Speaker: Bernold Fiedler (Institut für Mathematik, Freie Universität Berlin)
Time: 2026-02-27 15:30-17:30
Zoom Meeting ID: 892 9965 0777 Passcode: 127505
Abstract:
Standard bifurcation theory is concerned with families of vector fields involving one or several constant real parameters. The constant parameter provides a foliation of the total phase space. Frequently the presence of a trivial equilibrium manifold is also imposed.
Bifurcation without parameters, in contrast, discards the foliation by a constant parameter. Only the trivial equilibrium manifold is preserved. A rich dynamic phenomenology arises when normal hyperbolicity of the trivial equilibrium fails, due to zero or purely imaginary eigenvalues. Specifically, we address Hopf bifurcation and Takens-Bogdanov bifurcations, all in absence of parameters.
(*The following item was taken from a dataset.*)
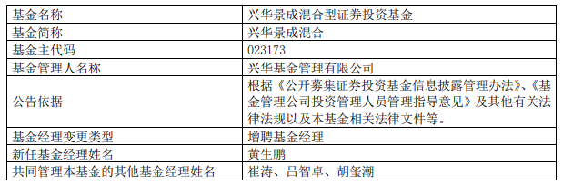 兴华景成增聘基金经理

Examples include coupled oscillators, hyperbolic conservation and balance laws, plane Kolmogorov fluid flows, and G¨odel-Einstein cosmology of Bianchi type. The results are joint work with Andrei Afendikov, James C. Alexander, and Stefan Liebscher. See in particular Liebscher’s book:
Most recently, the results have significantly been extended by Jia Yuan Dai et al., to address a long-standing problem on chemostat oscillations under competition for nutrients.
About Speaker
Professor Bernold Fiedler is one of the foremost experts on Nonlinear Dynamical Systems, Bifurcation Theory, and their many applications to science and engineering. He has made several major contributions to these fields, including the introduction of the Homoclinic Index, the study of global bifurcations, and making many deep and important insights into reaction and diffusion equations (among other topics). In particular, Professor Fiedler is one of the leading experts on the connection between dynamical systems, analysis, bifurcations, and topology.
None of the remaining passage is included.